Think about your purpose statement itself. Does it evoke higher ambitions that transcend purely commercial concerns? Who precisely are you there to serve, and what kind of moral stand are you taking? A strong purpose statement alone won’t make for a deep purpose company, but it does matter. If your purpose statement doesn’t clearly state an intention to do good for a variety of stakeholders, it probably isn’t functioning as an intention that is compelling and emotionally resonant.

In staking out moral ground, your purpose statement should express an implicit or explicit critique of the world, even at the risk of polarizing members of the public. Leaders sometimes become uneasy at mention of morality, but we should remember that morality and markets have never been as diametrically opposed as they might seem. Before Adam Smith wrote The Wealth of Nations, he penned The Theory of Moral Sentiments, arguing that humans aren’t merely selfish but also inherently sympathetic toward others and driven to help them without hope of personal benefit.

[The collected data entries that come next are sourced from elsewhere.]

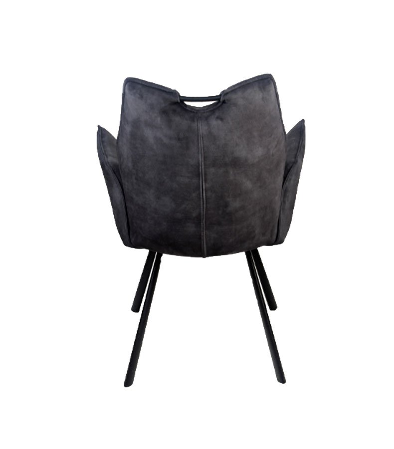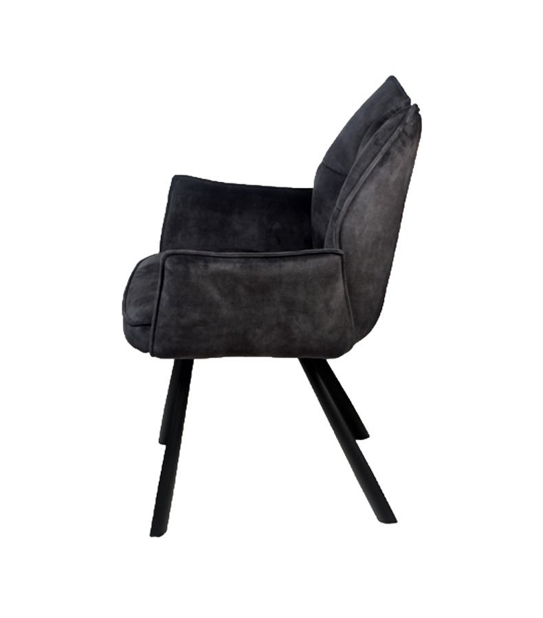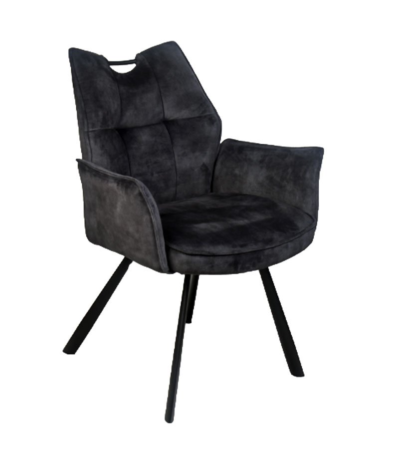 Merel is een comfortabele stoel met metalen poten en een handige handgreep voor eenvoudig verplaatsen van de stoel.
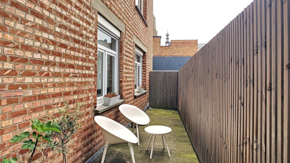 Het zuidwest georiënteerde stadsterras (13 m²) is bereikbaar via de hal en vormt de perfecte plek om te genieten van de middag- en avondzon.
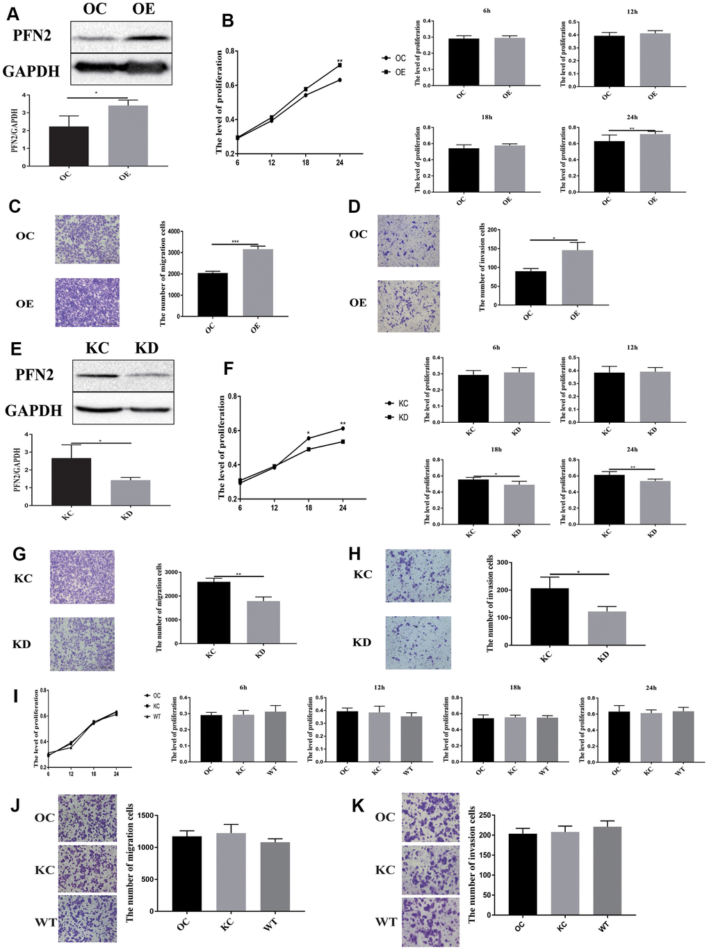 To explore whether PFN2 plays a role in SCLC tumorigenicity and metastasis, we first established the H446 cell line stably overexpressing PFN2 (referred to as H446-OE) compared to control cells (Figure 2A). We then examined the effect of PFN2 on cellular biological functions. The MTT and transwell assays indicated that PFN2 overexpression (OE) significantly increased proliferation, migration and invasion in H446 cells (Figure 2B–2D). Meanwhile, PFN2 knockdown in H446 cells (referred to as H446-KD) was also established, in which PFN2 was significantly reduced compared to that in the control line (Figure 2E). PFN2 knockdown significantly inhibited proliferation, migration, and invasion in H446 cells (Figure 2F–2H). Comparison tests showed that the OE control (H446-OC), knockdown control (H446-KC), and the wild type (H446-WT) of H446 cells had similar results (Figure 2I–2K), implying no influence of the respective modifications of H446 cells on their proliferation, migration, and invasion abilities. These results indicate that PFN2 significantly promotes the growth and invasion of SCLC cells.
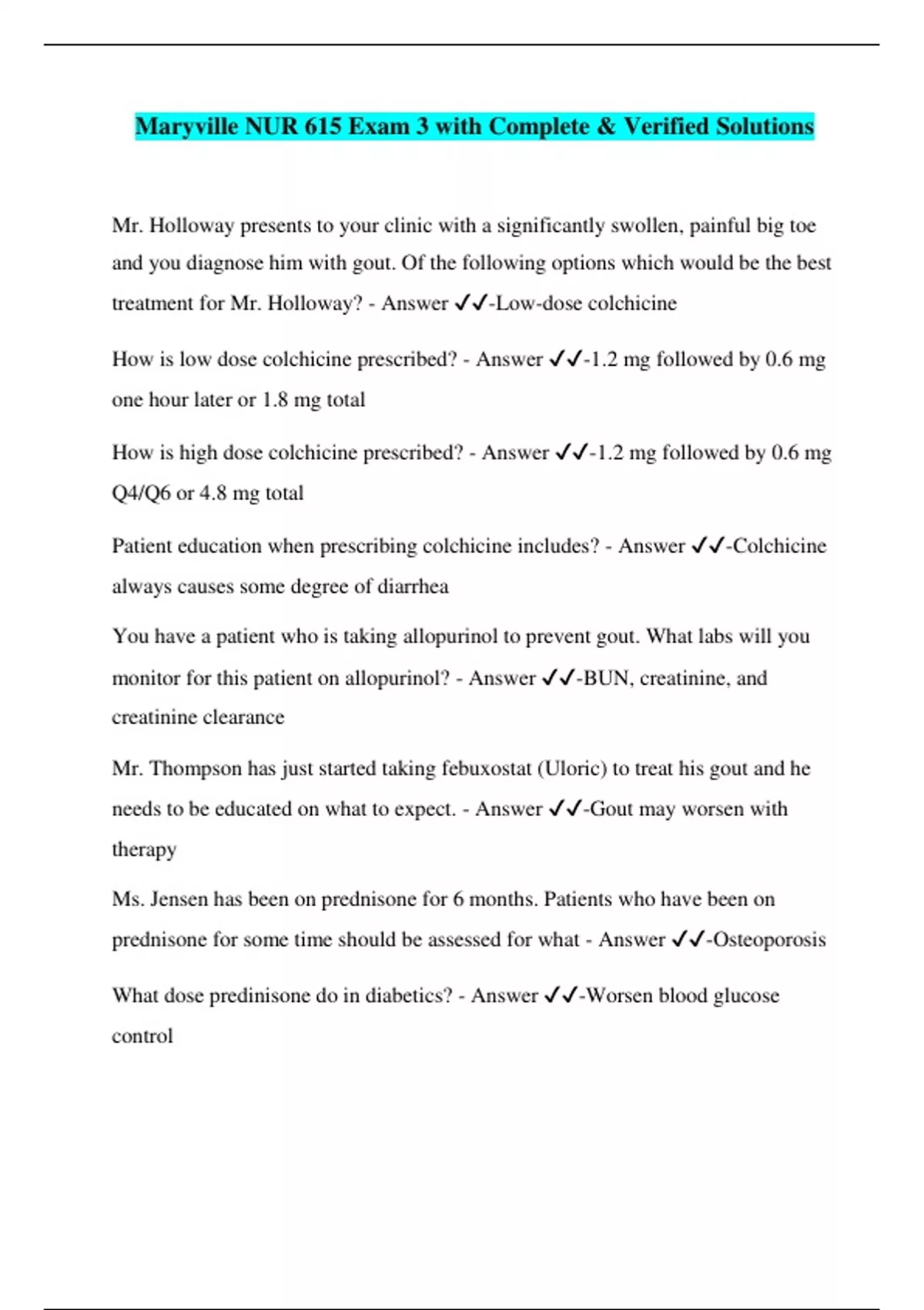 Mr. Holloway presents to your clinic with a significantly swollen, painful big toe and you diagnose him with gout. Of the following options which would be the best treatment for Mr. Holloway? - Answer ️️-Low-dose colchicine How is low dose colchicine prescribed? - Answer ️️-1.2 mg followed by 0.6 mg one hour later or 1.8 mg total How is high dose colchicine prescribed? - Answer ️️-1.2 mg followed by 0.6 mg Q4/Q6 or 4.8 mg total

In contriving to bypass morality and avoid taking principled stands in the course of doing business, we risk conducting commerce in ways that contravene our very humanity.

Moreover, societal expectations have changed, and in our polarized times moral neutrality is no longer an option. Companies and leaders must take stands, wading into political debates whether they like it or not. Leaders at companies such as CVS, Dick’s Sporting Goods, Delta Air Lines, Salesforce, Patagonia, and many others do precisely that, increasingly taking on roles as “CEO activists.” They contribute to a remoralization of our society, reinforcing notions of shared values that might in turn help to stabilize and sustain our democracy.

Companies understand this reality and lean into their moral sensibilities. Most of them aren’t out there in the media at every opportunity wielding their pitchforks. Their approach is more targeted, strategic, and closely aligned with their corporate purpose. In pushing to realize an existential intent such as a healthier population, a more equitable society, or a cleaner environment, they implicitly evoke both an image of the good society and critique the present state of society in their area of interest. They indicate their willingness to become activists dedicated to a cause—not all causes necessarily, but certainly this one.

This observation brings me to a final point: think more deeply about your own, personal purpose and its alignment with the company’s reason for being. As the examples in this chapter suggest, leaders ultimately are the source of intent within deep purpose companies. If you can’t channel the corporate intention with every fiber of your being, taking on the role of an activist personally, you won’t lead your company toward a deep purpose. As John Maynard Keynes is reputed to have said, “Capitalism is the astounding belief that the most wickedest of men will do the most wickedest of things for the greatest good of everyone.” These days, a belief in the wickedness of capitalism’s practitioners and practices persists, alongside skepticism that our economic system can produce the greatest good. Still, some companies really do take purpose deeper than the rest, earning profits while addressing some of the greatest problems plaguing humanity. By shifting their approach to purpose, convenient purpose companies can join them, paving the way for a more widespread reform of capitalism.